Kekecewaan Jemaah Furoda: DPR RI Tekankan Kepastian dan Keadilan
Kekecewaan Jemaah Furoda: DPR RI Tekankan Kepastian dan Keadilan
Kasus visa furoda yang tidak terbit menimbulkan kekecewaan bagi banyak jemaah haji Indonesia yang sudah melakukan pembayaran mahal untuk melaksanakan ibadah haji. Hal ini memicu tuntutan penyelesaian adil dan bijaksana antara jemaah dengan penyelenggara travel haji.
Anggota Tim Pengawas (Timwas) Haji DPR RI, Singgih Januratmoko menegaskan pentingnya solusi yang melindungi kepentingan jemaah. Ia menyampaikan hal tersebut di Madinah, Arab Saudi pada Jumat (30/5/2025).
“Kalau visa furoda itu memang skemanya (B2B) business to business. Jadi ketika visanya tidak keluar, harus ada penyelesaian yang baik antara jemaah dan travel-nya," ujar Singgih.
Opsi tersebut, menurut Singgih, bisa berupa pengembalian dana atau peralihan keberangkatan ke musim haji berikutnya. Namun, ia menekankan bahwa kepastian dan keadilan bagi jemaah harus menjadi prioritas.
“Apakah itu uang dikembalikan atau digunakan untuk haji tahun depan. Yang penting tidak ada yang dirugikan,” jelas Wakil Ketua Komisi VIII.
Singgih juga menyatakan bahwa visa furoda belum memiliki dasar hukum yang kuat dalam regulasi haji nasional. Pemerintah, menurutnya, sering dianggap tidak hadir dalam menangani persoalan seperti furoda karena belum adanya pijakan hukum yang memadai.

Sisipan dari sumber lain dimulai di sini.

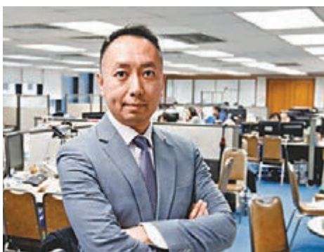
張智威稱，現在證券行已不能單靠佣金作為收入主要來源，需要積極開拓新股行展等業務。資料圖片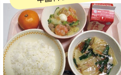
ごはん、牛乳、中華丼の具、ワンタンスープ、みかん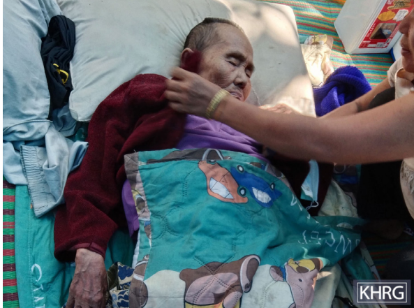
ဤပုံကို ၂၀၂၁ ခုနှစ်၊ ဒီဇင်ဘာလ ၂၄ ရက်နေ့၌ နူးပလာယာခရိုင်၊ ကော်တရီမြို့နယ်၊ ဖလူးလေးကျေးရွာအနီးရှိ IDP စခန်းတစ်ခုတွင် ရိုက်ယူခဲ့သည်။ တိုက်ပွဲကြောင့် ထွက်ပြေးတိမ်းရှောင်နေစဉ်အတွင်း တွင် သက်ကြီးရွယ်အိုများသည် ပို၍အကူအညီလိုအပ်နေသူများ ဖြစ်သည်။ ပုံတွင်ပြထားသည့်အတိုင်း အသက်ကြီးသည့်အဖိုးအိုတစ်ဦးသည် နေရပ်စွန့်ခွာနေရပြီး တစ်လကြာပြီးနောက် IDP စခန်းတွင်သာ ဆုံးပါးသွားခဲ့သည်။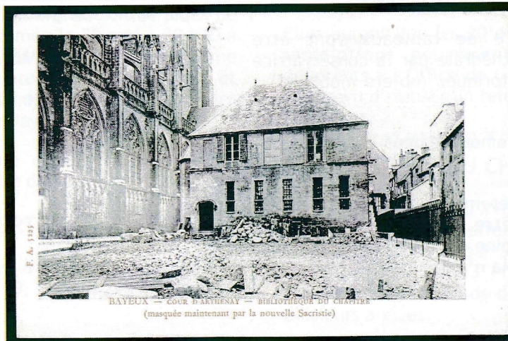
LA BIBLIOTHÈQUE EN 1900

Archives départementales du Calvados 18 F;47/159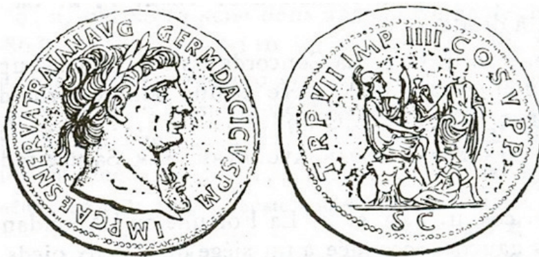
Figura 14. RIC 451.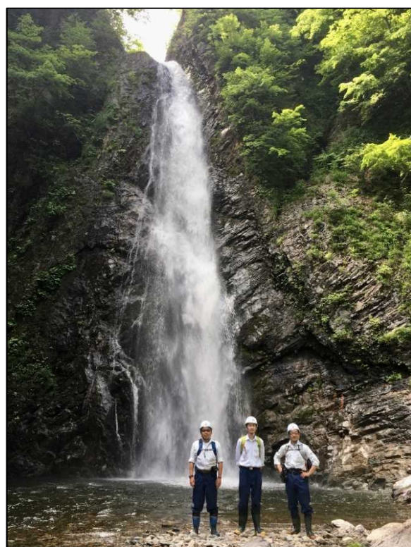
暗門第2の滝の前で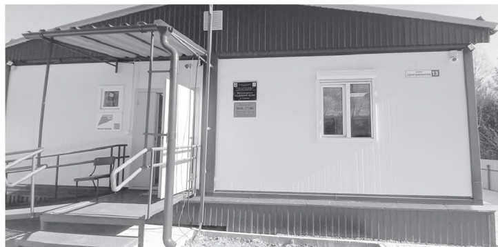
Новый ФАП в Сидиме.

реньком, тесном здании, где все удобства были на улице. Старалась там поддерживать порядок, вместе с помощницей по хозяйству белила и красила помещения, проводила в них дезинфекцию. Составила подробную карту текущих жителей села, чтобы точно знать, сколько детей и взрослых у нее на участке, у кого какие болячки и кто обязательно должен быть на постоянном медицинском контроле.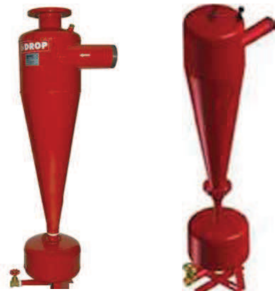
Filtro Serie "HCY" Modular 2"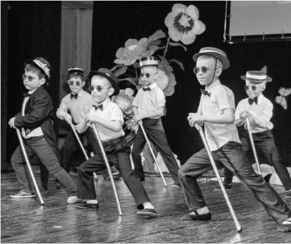
Сказка Андерсена «Дюймовочка» получила новую жизнь в современной музыке, песнях и танцах воспитанников детского сада № 19. Такими изысканными джентльменами перед зрителями предстала свита Крома.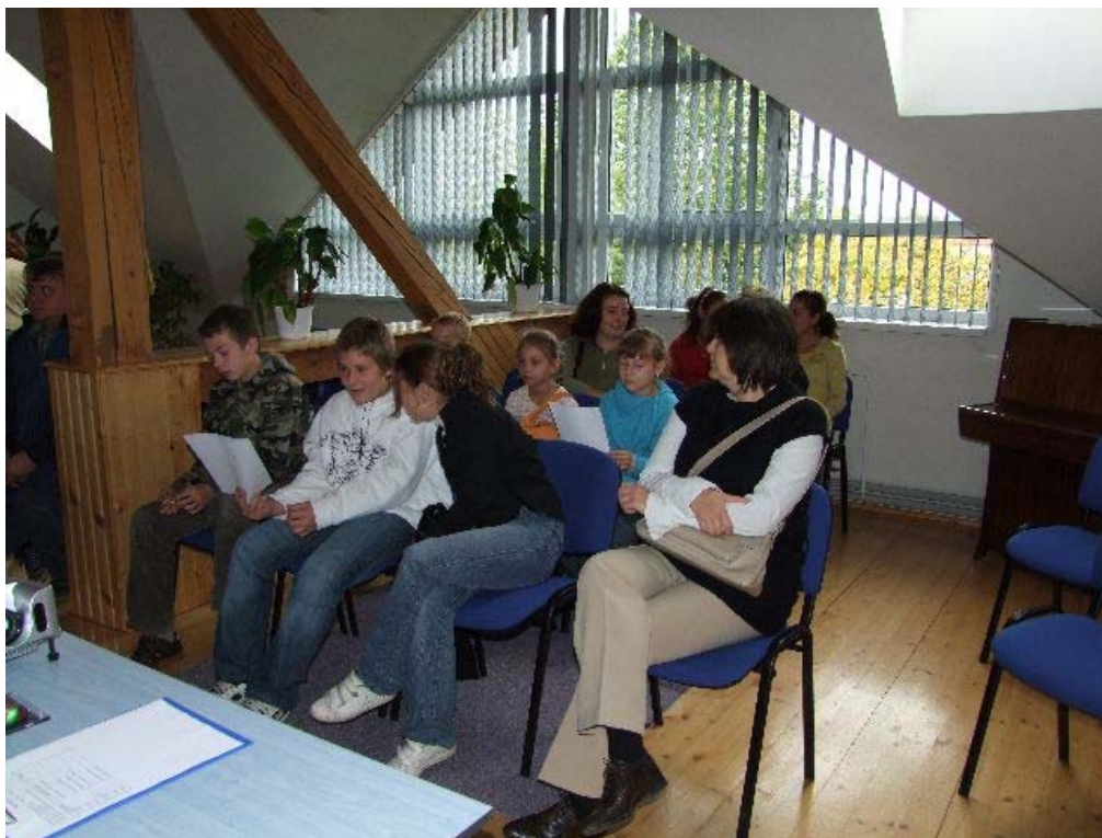
Hodnotenie aktivít v roku 2009 v Rožňave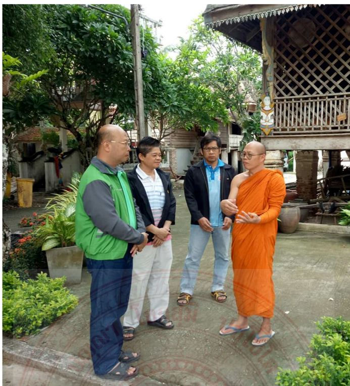
ลงพื้นที่เก็บข้อมูลเกี่ยวกับพระธาตุศรีสองรัก อำเภอด่านซ้าย จังหวัดเลย และความเชื่อของคนอำเภอด่านซ้ายเกี่ยวกับผีตาโขน ซึ่งความเชื่อนี้กลายมาเป็นประเพณีที่มีชื่อเสียงของคนอำเภอด่านซ้าย จังหวัดเลย

"Oleh sebab itu, saat ini dalam revisi Undang-Undang Haji, kami mengusulkan adanya pengaturan tiga jenis visa yaitu visa kuota negara lain dan Visa non-kuota, termasuk visa mujamalah dan furoda," jelas anggota Fraksi Partai Golkar ini.
DPR RI terus mendorong agar ke depan ada pengakuan hukum dan perlindungan yang jelas terhadap jemaah pemegang visa non-kuota agar kejadian serupa tidak terus berulang.
“Kalau sekarang pemerintah seolah-olah tidak hadir karena belum ada dasar hukum untuk perlindungan. Padahal relasinya ini antara pemerintah Arab Saudi dengan pihak syarikah, dan jemaah dengan travel di Indonesia," paparnya.